Daenerys's show ending still annoys me to this day because it flies in the face of what make her story so unique in the context of the time she was written and developed. In a lesser story, Dany would have been dead by the end of book 1. She would have been killed as a pawn of Visery's story to take back the throne. She would have have been killed to spur Drogo's campaign against the Seven Kingdoms. Maybe she would have shared the same fate as her mother and died in childbirth to give a chosen one-esque male protagonist an angsty backstory. No matter what way she meets her end, it's all in service to further the story of one of her male family members.
Dany as a character can only exist the way she does because every many that would had power over her in the eyes of either Westerosi or Dothraki culture is dead. If Visery's lived, he would have continued to violently lash out against Dany for the crime of asserting herself. If Khal Drogo lived, she would remain dependent on his status to exert any real authority with the Dothraki. If Rhaegar lived, he could've ended up marrying her off to deal with the aftermath of Robert's Rebellion, like Aegon V did with his daughter. I don't even try to think about what Dany's life would have been like if Aery's won. The point remains the same, every male family member in her life was or would have been an obstacle to her own agency.
Dany's character is a subversion of the trope where the woman/girl dies for whichever male protagonists growth both in the fantasy genre and within the text regarding her family. Each new entry in the Targaryen family's history beats you over the head with the fact that Targaryen men, no matter the generation will fuck over their sisters, wives, daughters, aunts, and cousins for their own ends. No one was above it. Not Rhaegar. Not Daeron the Good. Not Aegon the Unlikely. Someway somehow, whether by circumstance or intention, driven by duty, malice, or apathy, the end was the same. The women had to pay.

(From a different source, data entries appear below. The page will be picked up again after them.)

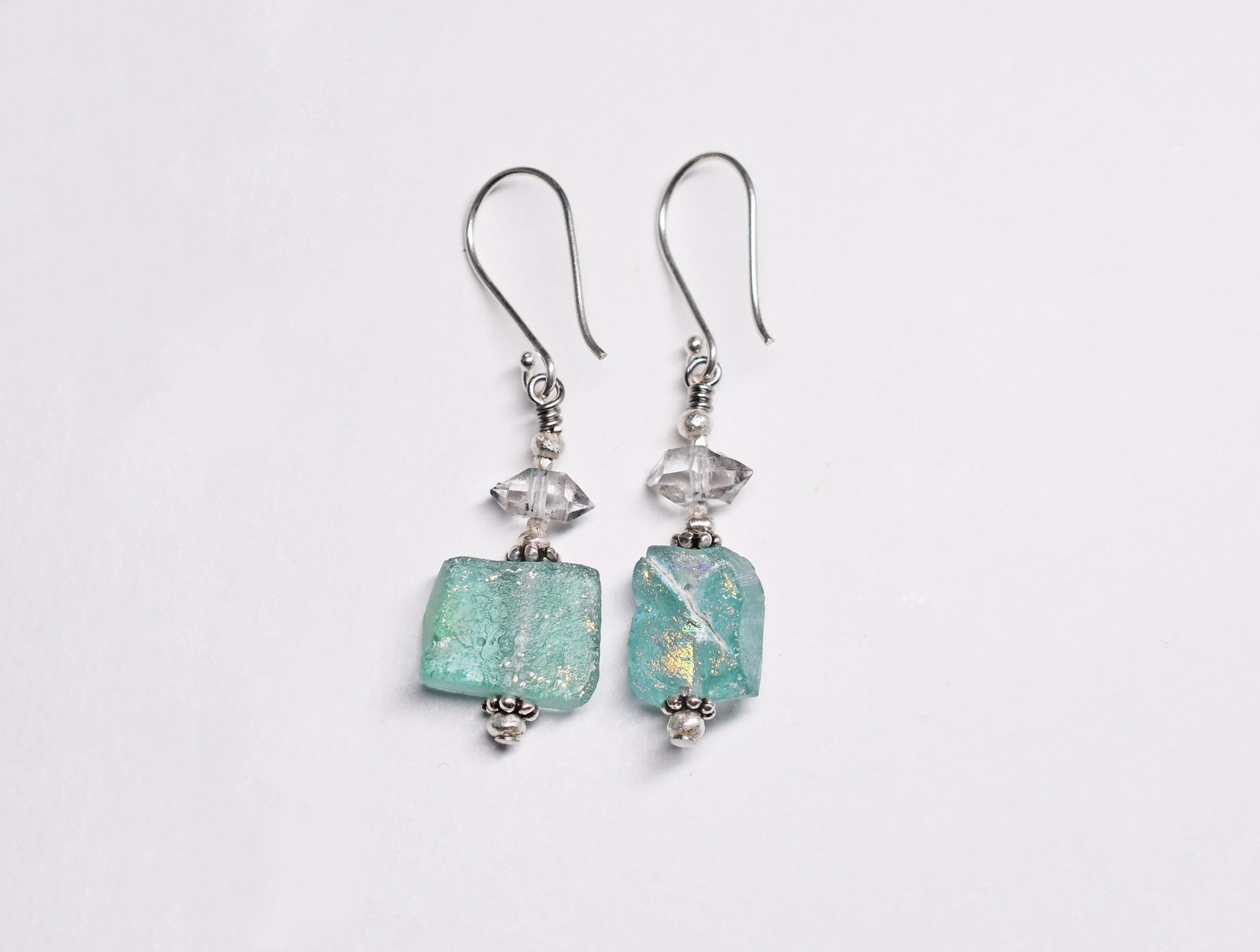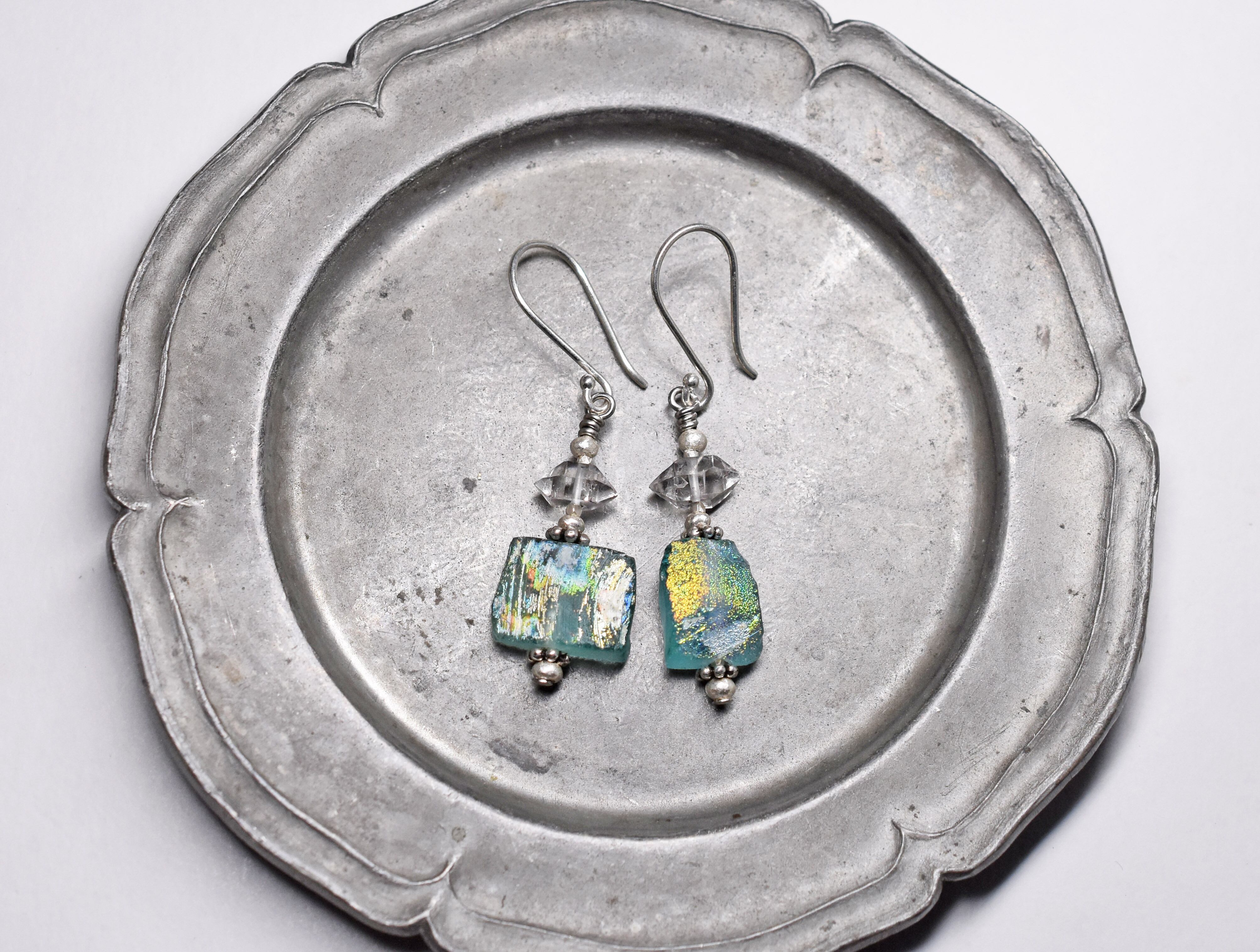 銀化したローマングラスと、ハーキマーダイヤモンドを繋いだピアスです。
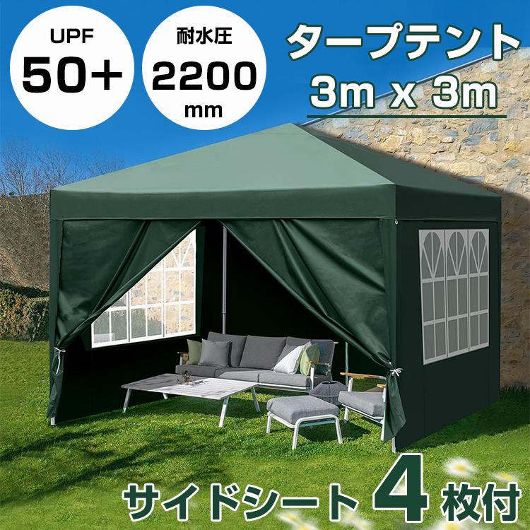 - アウトドア > テント・タープ > 【ダークグレー】タープテント 3mサイドシート4枚付 UV加工 撥水 ワンタッチ ダークグレー】タープテント 3mサイドシート4枚付 UV加工 撥水
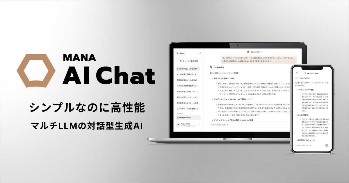「MANA Studio」の機能群のリリース第一弾として、マルチLLMに対応した対話型生成AI「MANA AI Chat」(マナ エーアイ チャット)の提供を開始します。

Daenerys's story was a break from the cycle of gendered violence her female ancestors had to endure. There was no male relative to impede her agency for their own ends, and through that she became what the true hope for the Targaryens, becoming realizing the best of what they could be. And yet the show decides that it is even more clever to subvert the subversion of Dany's role in her family's story by also ending it with gendered violence by a male family member, but don't worry, she deserved it this time.